Впрочем, академические работы в аудитории, Дронов выполнял, как требовалось и в срок. Но если речь шла о домашних заданиях…

Сингапур любил город. Любил рисовать город. Дворы, улочки, дома, крыши, окна, деревья… не было только людей. Его дворы и улочки были пусты, из окон смотрели только цветы в горшках, даже не смотрели, а выглядывали из-за занавесок, да и сами окна, казалось, наблюдали за кем-то, спрятавшись за березы и тополя. Его город жил; жил сам по себе; жил – наблюдая. Дома, деревья – все прятались друг за друга – и наблюдали. С интересом, тревожно, настороженно, с любопытством, даже с азартом – с каждой картины по-своему.

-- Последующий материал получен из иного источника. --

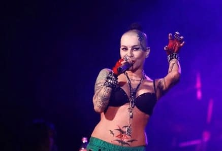 L'artiste a de nombreuses illustrations d'étoiles sur son corps - sur ses bras, son ventre et ses doigts. Ils symbolisent le dépassement des obstacles et la victoire. L'important est de placer le pentagramme correctement afin de ne pas en dénaturer la signification. En plus de ce symbole magique, elle possède trois six, des hiéroglyphes et des araignées.

– Почему нет людей? – спрашивали его.

– Они лишние здесь, – отвечал он.

– Но ты же рисуешь город, а как же город без людей?

– Моему городу люди не нужны. Мой город не любит людей. Он их боится. Даже меня. И я его боюсь. – Всегда, странно, добавлял он. У него был только один автопортрет, который висел в зале на стене: на высоком прямоугольном листе оргалита, где-то внизу, сутулясь, затравленно исподлобья, смотрел Сингапур. А над ним, наблюдая тревожно, склонился, казалось, весь его город, со всеми своими окнами балконами и крышами.

Картины свои, Сингапур делал исключительно на оргалите или фанере.

– А почему не холсты? – Как-то спросили его.

– Не люблю холст, – был ответ. – Когда из холста давно сделали культ, когда все и всегда внушали, что холст это ХОЛСТ, что это не какая-нибудь картонка, что он стоит денег, что к нему нужен правильный грунт, что настоящие художники пишут свои настоящие шедевры именно на настоящих холстах, начинаешь его бояться и даже ненавидеть – как женитьбу. Все равно, что всю жизнь спал со шлюхами, и тут, на тебе – девственница. Это к чему-то обязывает, думаешь уже не о своем удовольствии, а как бы ей чего не так сделать. Для меня холст, что для нищего алкоголика элитный коньяк, черт его знает – букетом наслаждаться или так из горла. Несколько раз пытался с холстом работать… Через полчаса порвал его и выбросил: все боялся, как бы ни так мазок положить, вдруг испорчу. Чужой он мне, как китайцу ложка. Да и твердости в нем той нет, как в оргалите – чуть сильнее кистью или мастихином надавил, он и поддался. А когда испытываешь трепет, какая уж тут работа. А привыкнуть к холсту – ну его к лешему, у меня на это нет ни терпения, ни… смысла в этом никакого нет. Я и красками работаю, какими не страшно.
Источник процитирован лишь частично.